An expert on aerial crop spraying believes that the Philippines comply with international standards on the practice, after spending three days in Mindanao observing spraying to combat sigatoka disease.
Dr Andrew Hewitt has worked on aerial spraying in Australia, New Zealand, Canada, the UK, the US, Malaysia, Costa Rica, Chile and other Latin American countries, the Business Mirror reported.
The Philippines Department of Health last year recommended the banning of aerial crop spraying after expressing concerns that ‘drift' from the practice posed a threat to the health of people in nearby communities, but Dr Hewitt believes this method is the safest from of application.
'The spraying that we observed was very professional,' he said in a press release.
'I believe that the aircraft is the better application method, precisely putting the spray on the crop without drifting to the neighbouring community.
'In the US, they do a lot of spraying of rice, for example, cotton, grains and many crops, with aircraft. And it is done safely, and it is regulated and is done professionally.
'In Queensland, where I worked in Australia, they spray bananas with aircraft and that's done very safely and there's no health issue,' he added.

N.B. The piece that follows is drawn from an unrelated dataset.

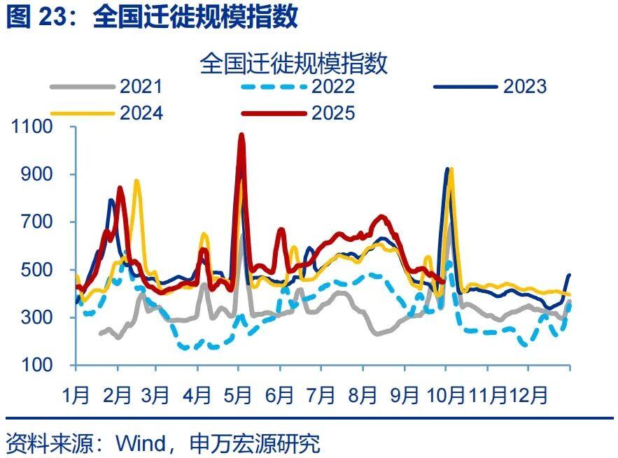 服务业中,新订单指数明显回落。9月,服务业主要分项中,新订单指数回落较大(-1.0pct至46.7%)。高频数据显示,9月,全国迁徙指数同比下行8.5pct至5.6%;国内、国际执行航班架次同比均有下行,分别较前月回落0.5、0.7pct至1.1%、10.2%。

Dr Hewitt said that aerial spraying performs better than ground spraying because aircraft spray downwards onto the banana plant, as opposed to upwards or sideways which increases the chance of missing the target.
After spending years conducting extensive research throughout the globe on the safest methods of spraying, Dr Hewitt is convinced that aerial application is the safest and most effective way of controlling disease.
'In the US, we spent US$23m in looking at drift from aerial spraying as well as other spray types. So we did hundreds of studies into different aircraft, nozzles, droplet size, temperature, relative humidity, wind speed, height of the aircraft, and we developed models that we can then use to help us spray safely.
'My opinion is that you have these things in place in the Philippines, but maybe not formally in a written document as a national standard. So that is something I'd be pleased to help draft - a single page of guidelines for how you should spray,' Dr Hewitt said.